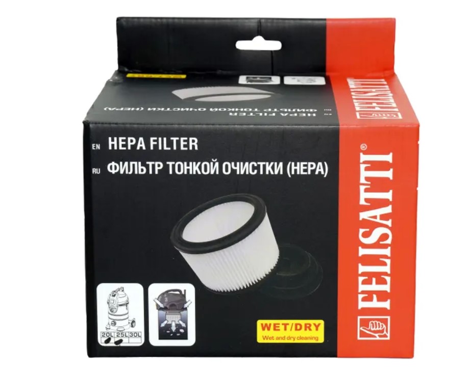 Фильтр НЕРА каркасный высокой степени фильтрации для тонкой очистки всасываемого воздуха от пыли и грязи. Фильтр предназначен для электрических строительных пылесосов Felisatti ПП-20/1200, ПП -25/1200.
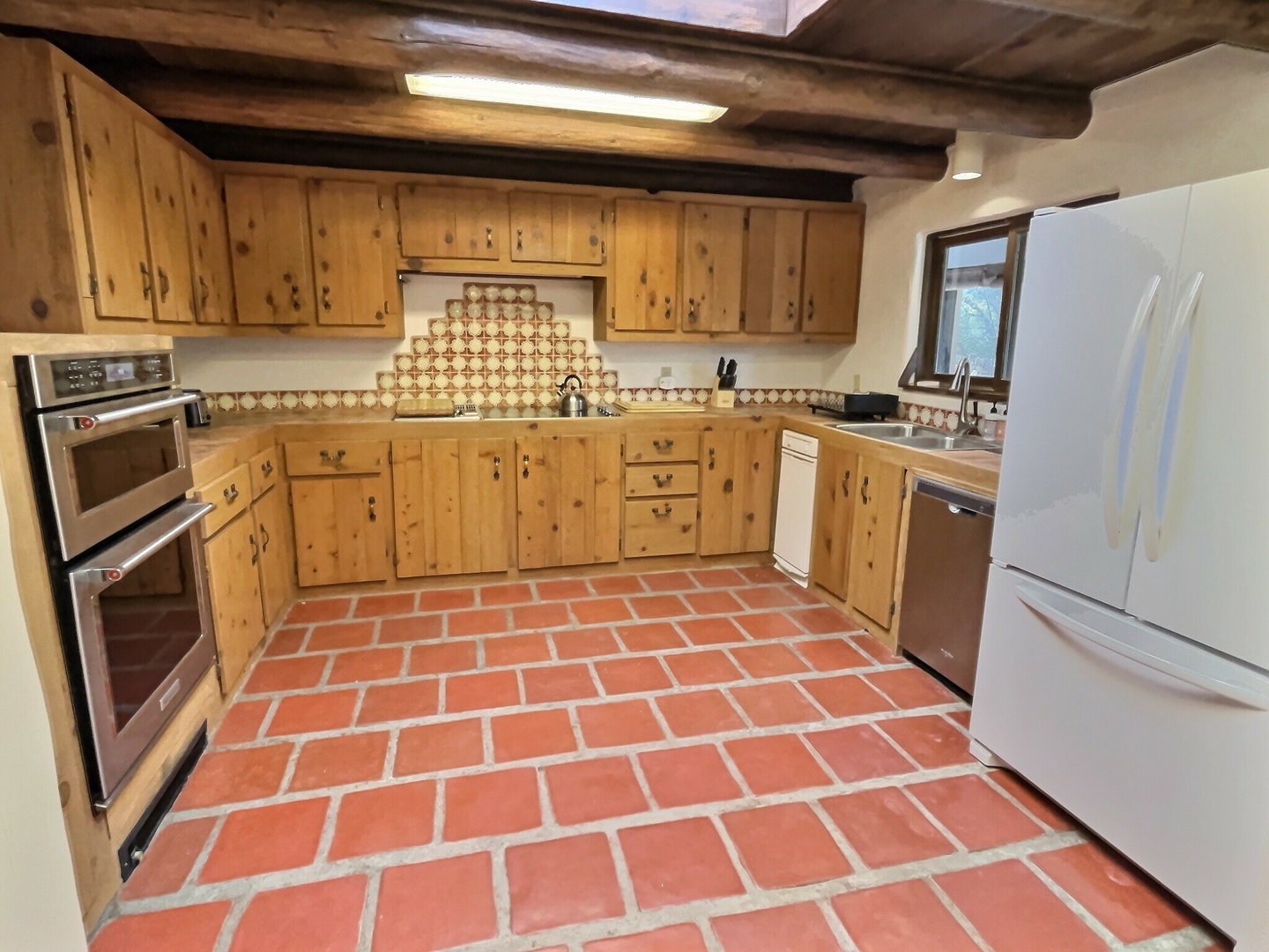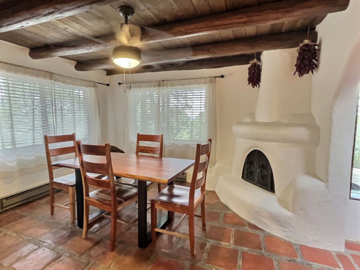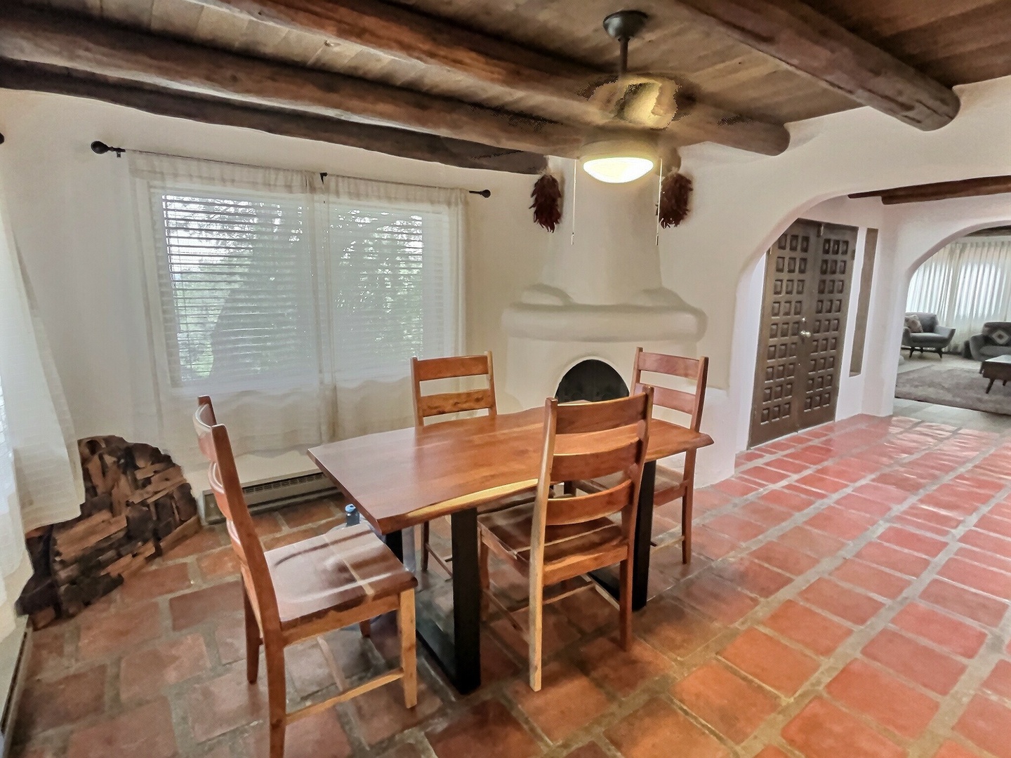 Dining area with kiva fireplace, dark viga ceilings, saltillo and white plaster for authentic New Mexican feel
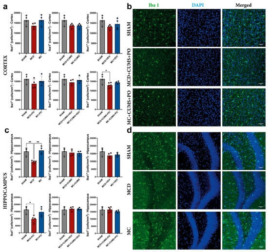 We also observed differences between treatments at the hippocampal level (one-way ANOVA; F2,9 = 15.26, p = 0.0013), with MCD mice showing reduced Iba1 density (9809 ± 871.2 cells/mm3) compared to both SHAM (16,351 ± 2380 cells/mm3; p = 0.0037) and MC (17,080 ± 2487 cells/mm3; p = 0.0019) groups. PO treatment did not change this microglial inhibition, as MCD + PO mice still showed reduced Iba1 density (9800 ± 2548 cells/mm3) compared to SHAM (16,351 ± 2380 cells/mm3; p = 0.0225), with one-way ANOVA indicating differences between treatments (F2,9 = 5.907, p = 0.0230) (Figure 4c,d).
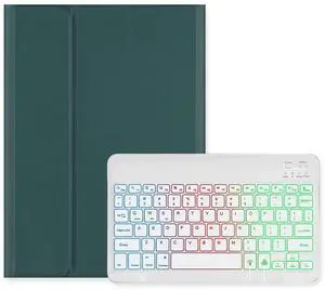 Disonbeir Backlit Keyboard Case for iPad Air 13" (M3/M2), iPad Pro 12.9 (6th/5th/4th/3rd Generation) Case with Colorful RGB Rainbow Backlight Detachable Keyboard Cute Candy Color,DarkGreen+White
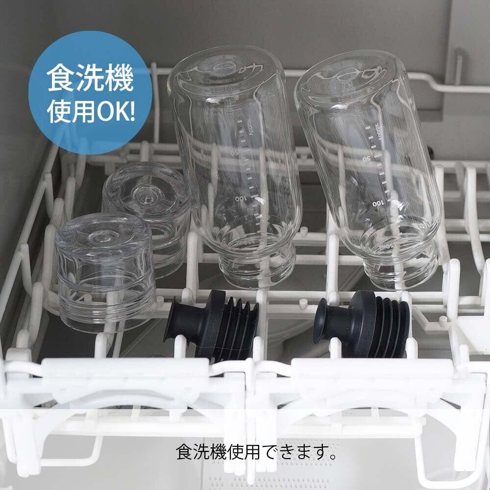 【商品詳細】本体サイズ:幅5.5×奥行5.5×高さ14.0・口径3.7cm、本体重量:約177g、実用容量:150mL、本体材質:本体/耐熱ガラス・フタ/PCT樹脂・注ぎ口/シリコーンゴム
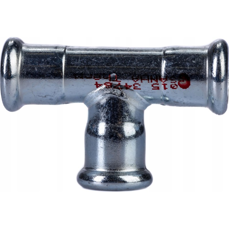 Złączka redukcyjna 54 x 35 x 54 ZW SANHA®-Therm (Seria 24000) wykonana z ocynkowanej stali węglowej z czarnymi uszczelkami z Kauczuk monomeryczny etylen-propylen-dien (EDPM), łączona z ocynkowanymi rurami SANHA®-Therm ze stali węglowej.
==
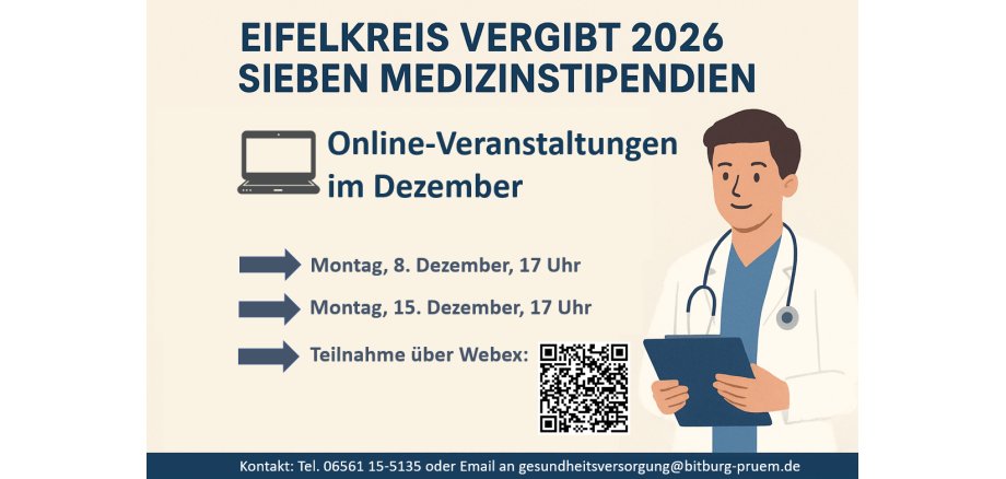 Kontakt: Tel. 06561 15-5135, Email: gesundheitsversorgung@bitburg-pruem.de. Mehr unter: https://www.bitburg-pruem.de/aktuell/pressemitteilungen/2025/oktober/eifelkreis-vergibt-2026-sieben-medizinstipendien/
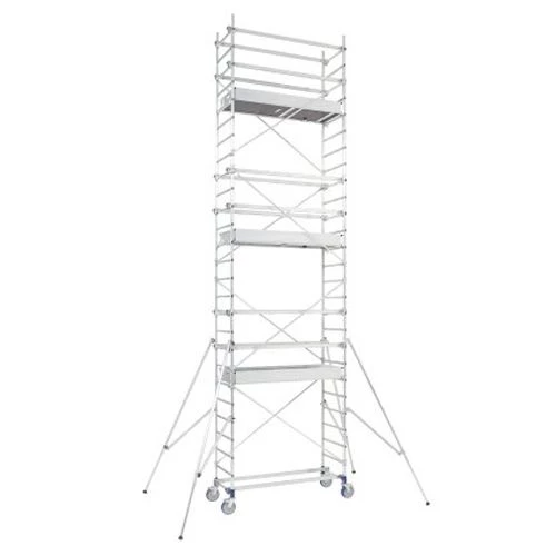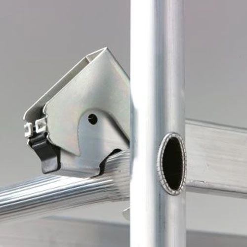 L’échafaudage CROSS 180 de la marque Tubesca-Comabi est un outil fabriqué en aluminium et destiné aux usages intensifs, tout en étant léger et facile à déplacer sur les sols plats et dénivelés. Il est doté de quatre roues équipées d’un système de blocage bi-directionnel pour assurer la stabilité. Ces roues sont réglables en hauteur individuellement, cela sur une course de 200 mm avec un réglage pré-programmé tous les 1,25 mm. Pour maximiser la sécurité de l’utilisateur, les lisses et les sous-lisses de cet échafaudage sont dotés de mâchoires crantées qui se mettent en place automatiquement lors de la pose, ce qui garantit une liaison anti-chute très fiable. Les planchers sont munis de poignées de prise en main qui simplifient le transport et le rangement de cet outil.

▶ **PROBLEM DESCRIPTION**
Starting at the line that contains "Фильтр НЕРА каркасный" and ending at the line that contains "Dining area with", transcribe the material above exactly, excluding pictures.

▶ **SOLUTION**
 Фильтр НЕРА каркасный высокой степени фильтрации для тонкой очистки всасываемого воздуха от пыли и грязи. Фильтр предназначен для электрических строительных пылесосов Felisatti ПП-20/1200, ПП -25/1200.
 Dining area with kiva fireplace, dark viga ceilings, saltillo and white plaster for authentic New Mexican feel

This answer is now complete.